Task item:
Leaving the pictures out, print the lines from the first line of the listing through the line containing "打开Photoshop软件,然后打开一张含哆啦A梦的图片", exactly as they read, and no others.

—————

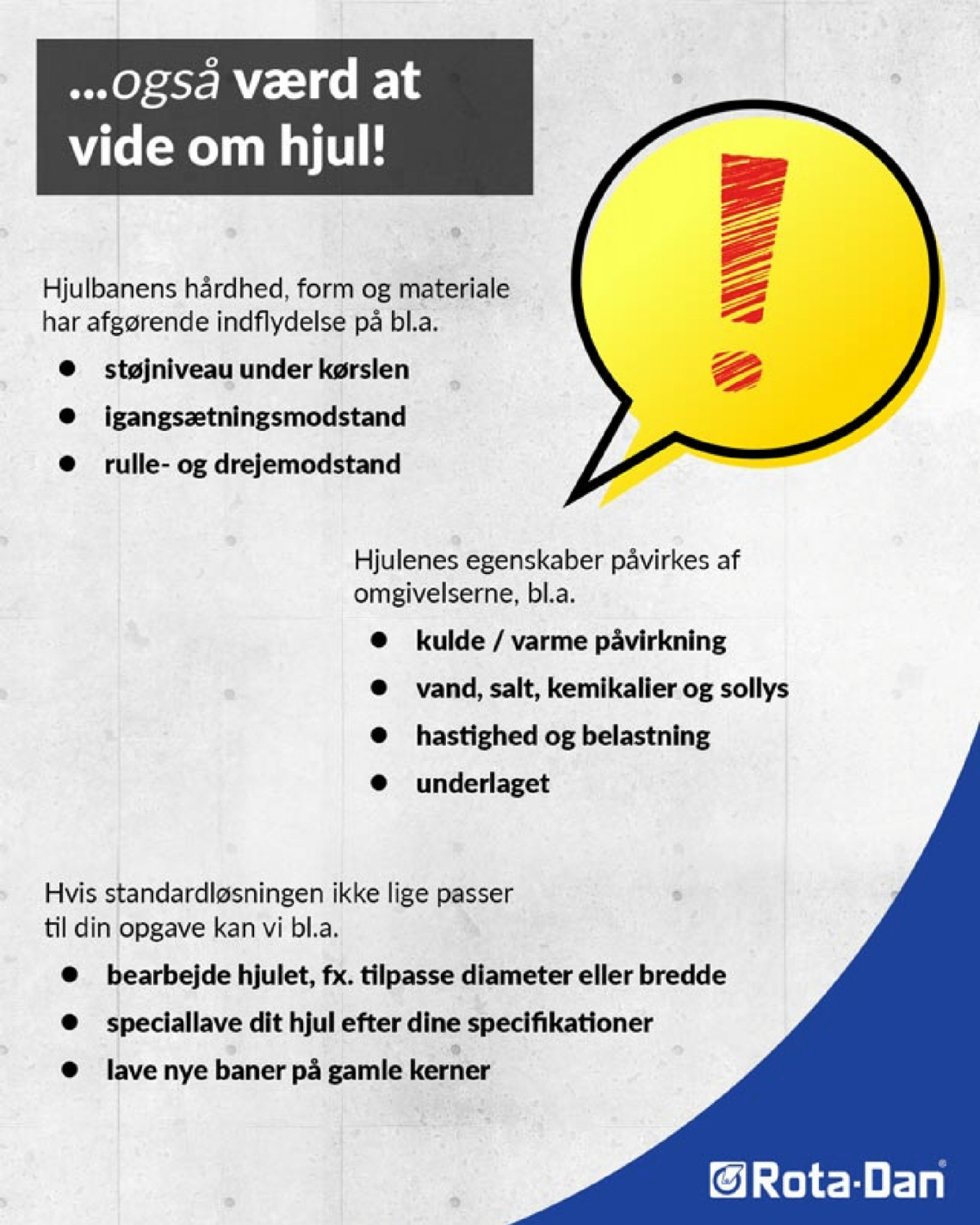 “ Vi laver også hjul specialdesignet til dine behov. Tag et kig på vores side med speciallavede hjul og se udvalget af kundespecifikke hjulløsninger. ”Ring til os på +45 98 14 77 77
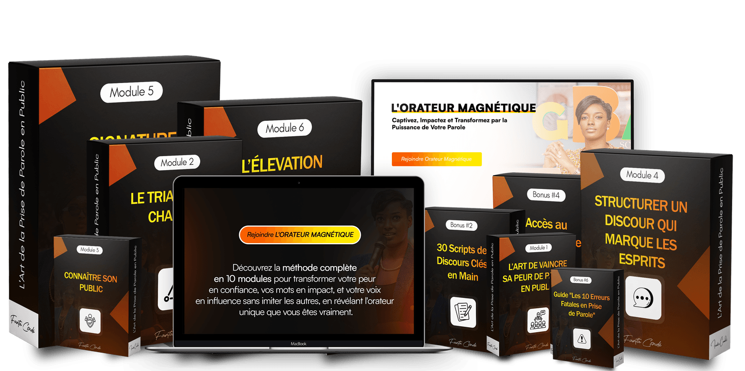Découvrez la méthode complète en 06 modules pour transformer votre peur en confiance, vos mots en impact, et votre voix en influence sans imiter les autres, en révélant l'orateur unique que vous êtes vraiment.
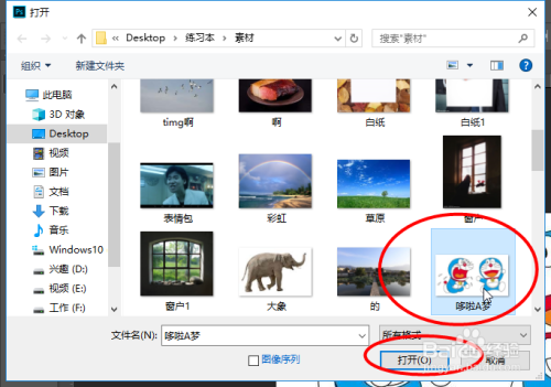 打开Photoshop软件,然后打开一张含哆啦A梦的图片
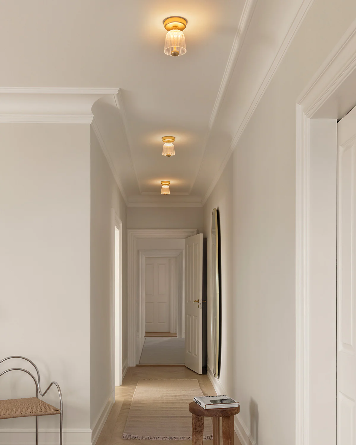 De Asteea Ceiling is een compacte plafondlamp met een elegant, organisch ontwerp geïnspireerd op de vorm van een klokbloem. De geribbelde acryl kap en het metalen armatuur geven de lamp een verfijnde uitstraling. De geïntegreerde LED zorgt voor een diffuus en indirect licht dat warmte en balans brengt in de ruimte. Dankzij het bescheiden formaat is deze plafondlamp ideaal voor keukens, gangen en ruimtes met een laag plafond.
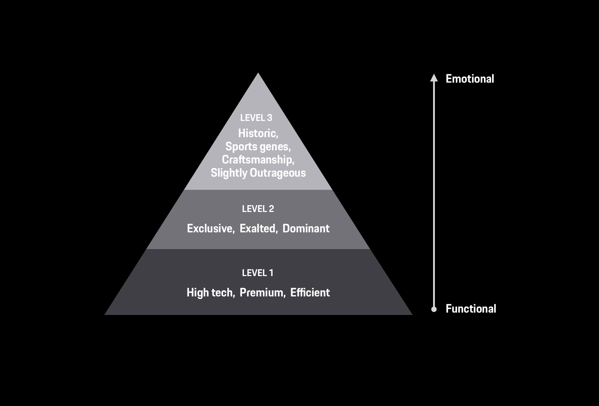 将关键词(Sport genes 赛道基因、Exclusive 专享、Exalted 尊贵、High tech 科技和 Premium 高级)整理成视觉表达的层级与比重并将其和 Porsche design values 对齐,以此作为视觉设计的标准:
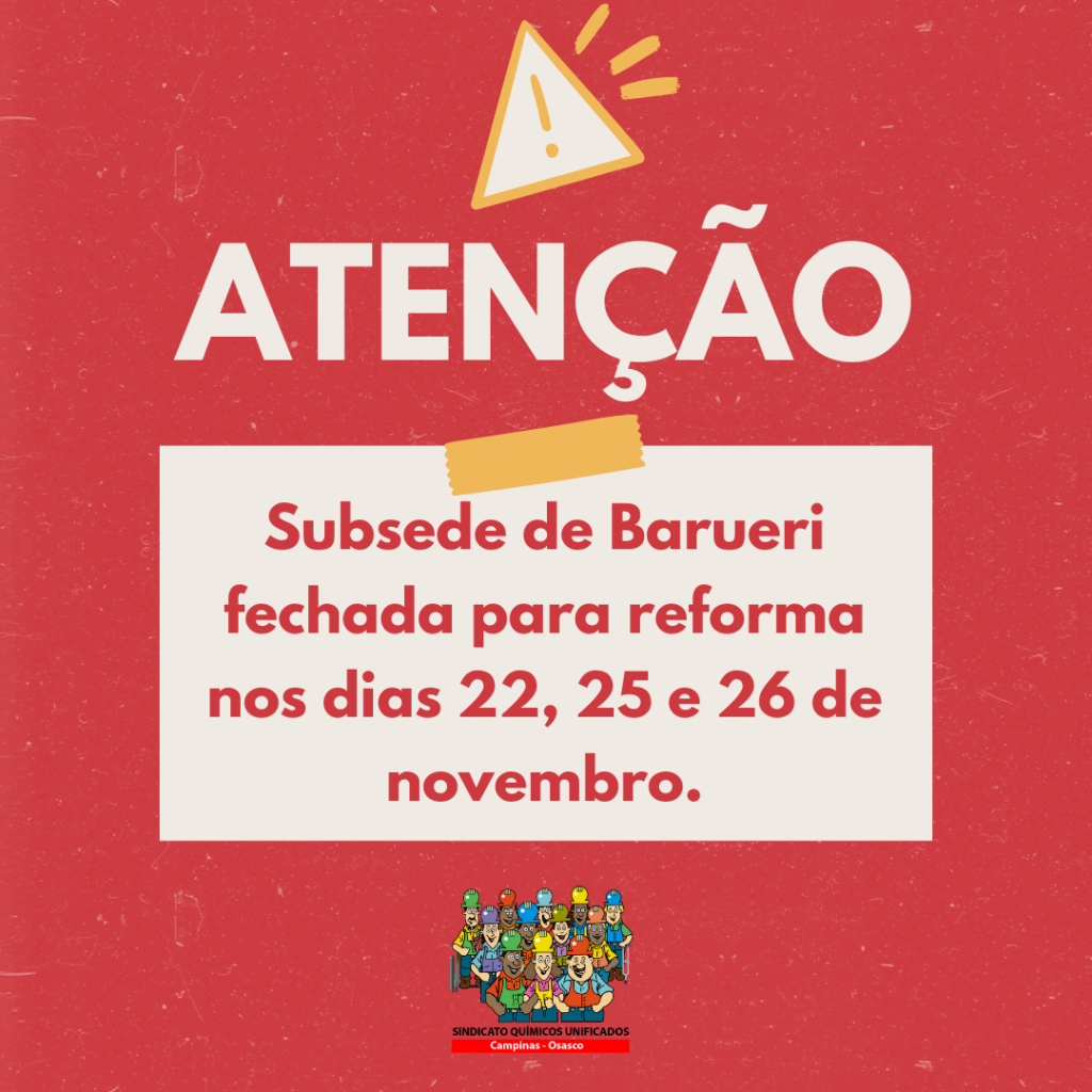 Nos dias 22, 25 e 26 de novembro, a subdesde de Barueri estará fechada para reforma. Caso tenha alguma dúvida, entre em contado com a sede de Osasco: (11) 3608 – 5411
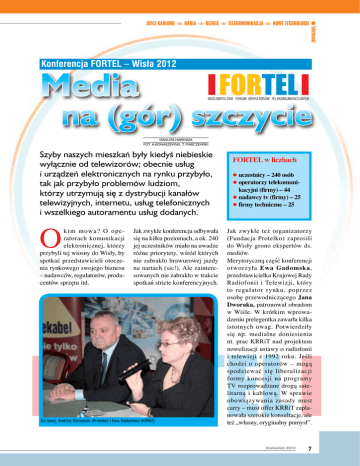 teletemat SIECI KABLOWE N MEDIA N BIZNES N TELEKOMUNIKACJA N NOWE TECHNOLOGIE Konferencja FORTEL – Wisła 2012 Media na (gór) szczycie Danuta Harenda Fot. A.Konaszewski, T. Marczewski Szyby naszych mieszkaƒ były kiedyÊ niebieskie wyłàcznie od telewizorów; obecnie usług i urzàdzeƒ elektronicznych na rynku przybyło, tak jak przybyło problemów ludziom, którzy utrzymujà si´ z dystrybucji kanałów telewizyjnych, internetu, usług telefonicznych i wszelkiego autoramentu usług dodanych. O k im mowa? O operatorach komunikacji elektronicznej, którzy przybyli tej wiosny do Wisły, by spotkać przedstawicieli otoczenia rynkowego swojego biznesu – nadawców, regulatorów, producentów sprzętu itd. Jak zwykle konferencja odbywała się na kilku poziomach, a ok. 240 jej uczestników miało na uwadze różne priorytety, wśród których nie zabrakło brawurowej jazdy na nartach (sic!). Ale zainteresowanych nie zabrakło w trakcie spotkań stricte konferencyjnych. Od lewej: Andrzej Ostrowski (Protelko) i Ewa Gadomska (KRRiT) FORTEL w liczbach l uczestnicy – 240 osób l operatorzy telekomuni- kacyjni (firmy) – 44 l nadawcy tv (firmy) – 25 l firmy techniczne – 25 Jak zwykle też organizatorzy (Fundacja Protelko) zaprosili do Wisły grono ekspertów ds. mediów. Merytoryczną część konferencji otworzyła Ewa Gadomska, przedstawicielka Krajowej Rady Radiofonii i Telewizji, który to regulator rynku, poprzez osobę przewodniczącego Jana Dworaka, patronował obradom w Wiśle. W krótkim wprowadzeniu prelegentka zawarła kilka istotnych uwag. Potwierdziły się np. medialne doniesienia nt. prac KRRiT nad projektem nowelizacji ustawy o radiofonii i telewizji z 1992 roku. Jeśli chodzi o operatorów – mogą spodziewać się liberalizacji formy koncesji na programy TV rozprowadzane drogą satelitarną i kablową. W sprawie obowiązywania zasady must carry – must offer KRRiT zaplanowała szerokie konsultacje, ale też „własny, oryginalny pomysł”. Kwiecieƒ 2012 teletemat E. Gadomska potwierdziła, że polscy regulatorzy przyglądają się możliwości regulacji usługi VoD – nie ma jednak ustaleń podziału kompetencji między ministerstwami; być może ciężar tych rozwiązań weźmie na siebie Ministerstwo Administracji i Cyfryzacji na czele z Michałem Bonim. Jednym z poruszanych tematów była sprawa koncesji kanałów telewizyjnych obecnych na multipleksie telewizji naziemnej. Skargi podmiotów, które nie uzyskały koncesji w tym procesie ( Fundacji Lux Veritatis i Media Sat (nadawcy Tele 5) rozstrzygnąć ma Wojewódzki Sąd Administracyjny. Teoretycznie nie jest wykluczone, że po orzeczeniu sądu pozytywne orzeczenia koncesyjne mogą zostać przez KRRiT cofnięte, jednak bardziej prawdopodobne jest, że zainteresowane stacje kolejne koncesje otrzymają. Już w pierwszych godzinach konferencyjnych spotkań wypłynął na powierzchnię powracający potem jak bumerang temat nowego mobilnego multipleksu telewizji naziemnej, który to projekt sygnowany przez Cyfrowy Polsat ujrzy światło dzienne na przełomie kwietnia i maja br. Jak zapewniła E. Gadomska – gospodarzem tego konkursu nie jest KRRiT, ale Urząd Komunikacji Elektronicznej. Prelegentkę zasypano gradem pytań: o status prawny nadawania programów telewizji Bridget Cosgrave w trakcie konferencyjnego wykładu lokalnej w internecie, o status prawny nadawania l masowa obecność w Europie programów telewizji lokalnej produktów z rynków azjatyckich w sieci internetu bezprzewodo- oferowanych po bardzo konkurenwego Wi-MAX, o przyszłość cyjnych cenach; analogowych sieci kablowych, l ryzyko podejmowania medialo kwestię ściągalności abona- nych inicjatyw na terenie Europy mentu itp. ze względu na dużą różnorodność oczekiwań odbiorców (co utrudnia też konsolidację tego rynku); Bridget Cosgrave, reprezentu- l rozwój nowych obszarów temająca organizację Every European tycznych, takich jak monitorowaDigital z Brukseli, przedstawiła nie zdrowia za pośrednictwem gościom konferencji trendy w roz- sieci oraz serwisy bankowości woju mediów elektronicznych elektronicznej; w naszej części Europy progno- l zwiększone zapotrzebowanie na zowane przez agendy Komisji serwisy wymagające szerokiego Europejskiej. Jej zdaniem są to pasma; m.in.: l duży, dwucyfrowy wzrost l rynkowa eksplozja liczby urzą- zysków pochodzących z transferu dzeń przyłączanych do sieci; danych; Perspektywy Panel dyskusyjny „Plany inwestycyjne w szerokopasmowe sieci dost´powe” Kwiecieƒ 2012 teletemat SIECI KABLOWE N MEDIA N BIZNES N TELEKOMUNIKACJA N NOWE TECHNOLOGIE Panel dyskusyjny „Konsolidacja platform cyfrowych vs rozproszony rynek kablowy” l coraz większe różnicowanie ofert operatorów. Rozwój czy dreptanie w miejscu? O planach inwestycji w szerokopasmowe sieci dostępowe opowiadał zebranym dr Krzysztof Heller, przedstawiając interesujące mapy Polski z uwzględnieniem rozwoju infrastruktury telekomunikacyjnej w ostatnich latach. Z prelekcji wynikało, że tego typu projektów Państwa opartych na funduszach europejskich jest w sferze publicznej dużo, choć są to „działania rozproszone”. Jednak, jeśli chodzi nie o fazę projektów, a o konkretne inwestycje – sytuacja nie wygląda różowo. O tym m.in. mówili zaproszeni przez K. Hellera do dyskusji paneliści. „Jaki model biznesowy miałby zwrócić poniesione na infrastrukturę telekomunikacyjną nakłady” – pytał Stefan Kamiński, prezes KIGEiT. Robert Kwiatkowski prezes zarządu Spółki Hyperion, teledostawcy usług multimedialnych, powątpiewał w sens rozbuchanych inwestycji. Czy potrzeby (m.in. szybkość przesyłu pasma) są rzeczywiście tak duże jak sugerują urzędnicy? Czy w sytuacji, gdy na rynku pojawiła się technologia LTE, nie warto zacząć rozmawiać pomiędzy podmiotami rynkowymi o współdzieleniu infrastruktury? – dywagował. Dowodził też nie bez racji, że tzw. megaustawa dotknie dopiero pozw

—————

Solution to the problem:
 “ Vi laver også hjul specialdesignet til dine behov. Tag et kig på vores side med speciallavede hjul og se udvalget af kundespecifikke hjulløsninger. ”Ring til os på +45 98 14 77 77
Découvrez la méthode complète en 06 modules pour transformer votre peur en confiance, vos mots en impact, et votre voix en influence sans imiter les autres, en révélant l'orateur unique que vous êtes vraiment.
 打开Photoshop软件,然后打开一张含哆啦A梦的图片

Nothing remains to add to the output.